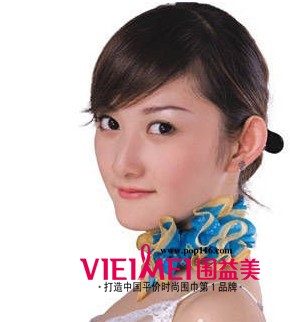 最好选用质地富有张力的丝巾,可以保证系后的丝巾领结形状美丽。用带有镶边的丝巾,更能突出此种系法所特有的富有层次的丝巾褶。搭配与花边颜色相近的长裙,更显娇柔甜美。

........

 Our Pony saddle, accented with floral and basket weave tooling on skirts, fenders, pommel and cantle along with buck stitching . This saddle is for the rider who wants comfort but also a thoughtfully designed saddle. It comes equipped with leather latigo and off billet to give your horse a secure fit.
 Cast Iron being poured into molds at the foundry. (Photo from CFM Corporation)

........

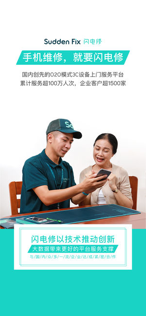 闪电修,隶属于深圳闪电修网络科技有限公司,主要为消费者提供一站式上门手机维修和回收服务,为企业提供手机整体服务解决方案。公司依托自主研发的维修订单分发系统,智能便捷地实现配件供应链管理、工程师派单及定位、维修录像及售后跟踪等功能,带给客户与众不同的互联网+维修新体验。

........

- [WORK ITEM]
Whatever else the listing above holds, retype exactly only the lines from the one containing "Our Pony saddle, accented" to the one containing "Cast Iron being", both ends kept.

- [REPLY]
 Our Pony saddle, accented with floral and basket weave tooling on skirts, fenders, pommel and cantle along with buck stitching . This saddle is for the rider who wants comfort but also a thoughtfully designed saddle. It comes equipped with leather latigo and off billet to give your horse a secure fit.
 Cast Iron being poured into molds at the foundry. (Photo from CFM Corporation)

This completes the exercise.